Data extract:

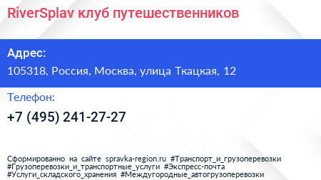 RiverSplav, клуб путешественников по адресу 105318, Россия, Москва, улица Ткацкая, 12 в дальнейшем Организация, размещена в следующих категориях:
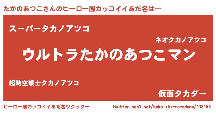 | ファンタジー風あだ名 | 『エターナルタカノアツコー』 |
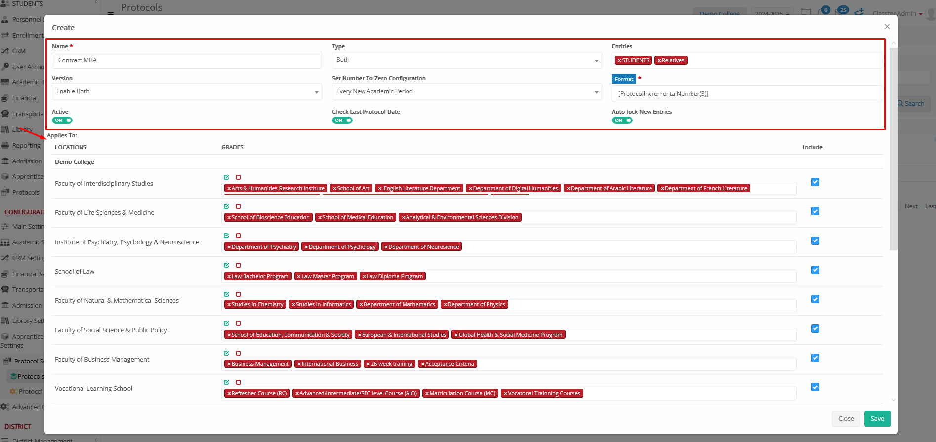 Each protocol defines its own number format and can be set to reset periodically (e.g., annually or monthly). Protocols are linked to specific entities (such as Students, Employees, or Contracts), companies, locations, and grades, and can be designated for incoming, outgoing, or both types of communication.

Exercise directions:
Return all of the lines above without alteration, minus the pictures.

Answer space:
 RiverSplav, клуб путешественников по адресу 105318, Россия, Москва, улица Ткацкая, 12 в дальнейшем Организация, размещена в следующих категориях:
 | ファンタジー風あだ名 | 『エターナルタカノアツコー』 |
 Each protocol defines its own number format and can be set to reset periodically (e.g., annually or monthly). Protocols are linked to specific entities (such as Students, Employees, or Contracts), companies, locations, and grades, and can be designated for incoming, outgoing, or both types of communication.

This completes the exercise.